We: Want series and the Package Change series, demonstrate the evolution of his practice toward more overtly painterly concerns. These canvases engage directly with art historical tradition, with Salvator Michael Gold functioning as a lucid and affectionate conversation with the iconography of Old Master portraiture, recasting its grandeur through the lens of street culture and personal mythology. For collectors approaching Lau's market, several things are worth understanding. His work occupies a genuinely unique position in that it commands serious attention at major auction houses while also carrying the emotional resonance of objects that people connect with on a deeply personal, often generational level.

Michael Lau
BB - Gardener series, 2013
Phillips and Christie's have both handled significant examples of his work, and prices for rare Gardener figures and unique painted works have risen consistently as the broader institutional recognition of street and urban art has grown. The most sought after pieces tend to be early Gardener figures in excellent condition, particularly those with documented exhibition histories, and unique works on canvas or on skateboard decks where Lau's hand is most directly present. Collectors who entered the market early, often guided by an instinct for cultural relevance rather than established critical consensus, have been rewarded both financially and in terms of the sheer pleasure of living with objects of such wit and vitality. The artists with whom Lau shares the most meaningful conversation include figures like Futura, whose career similarly bridged graffiti, fine art, and commercial culture across decades, and Takashi Murakami, whose Superflat movement drew on related impulses around the leveling of high and low cultural hierarchies.

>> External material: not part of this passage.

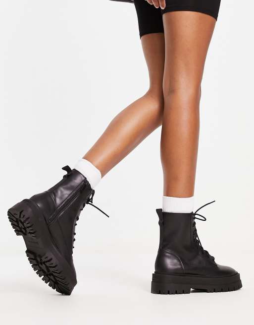 Bottines perles stradivarius clearance, Stradivarius Bottines plates lacets Noir ASOS clearance

There is also a productive connection to be drawn with the Pop Art generation, and specifically with Andy Warhol's insistence that the objects of consumer culture deserved the same seriousness of attention as any other subject. Lau arrives at a similar conclusion from a different direction, and with a different set of cultural references, but the underlying democratic generosity of vision is recognizable across the distance. What makes Michael Lau genuinely important, beyond the market metrics and the movement he catalyzed, is the quality of attention he has paid to communities and aesthetics that the mainstream art world spent decades systematically ignoring. His figures are portraits, in the deepest sense of the word, of a generation that found its values and its beauty in the street, in the record store, on the skateboard ramp.
He honored those communities with craft and seriousness and the full force of his imagination, and the art world, to its considerable credit, eventually caught up. To encounter his work today is to feel the particular pleasure of being shown something you thought you already understood and discovering that it contains far more than you knew.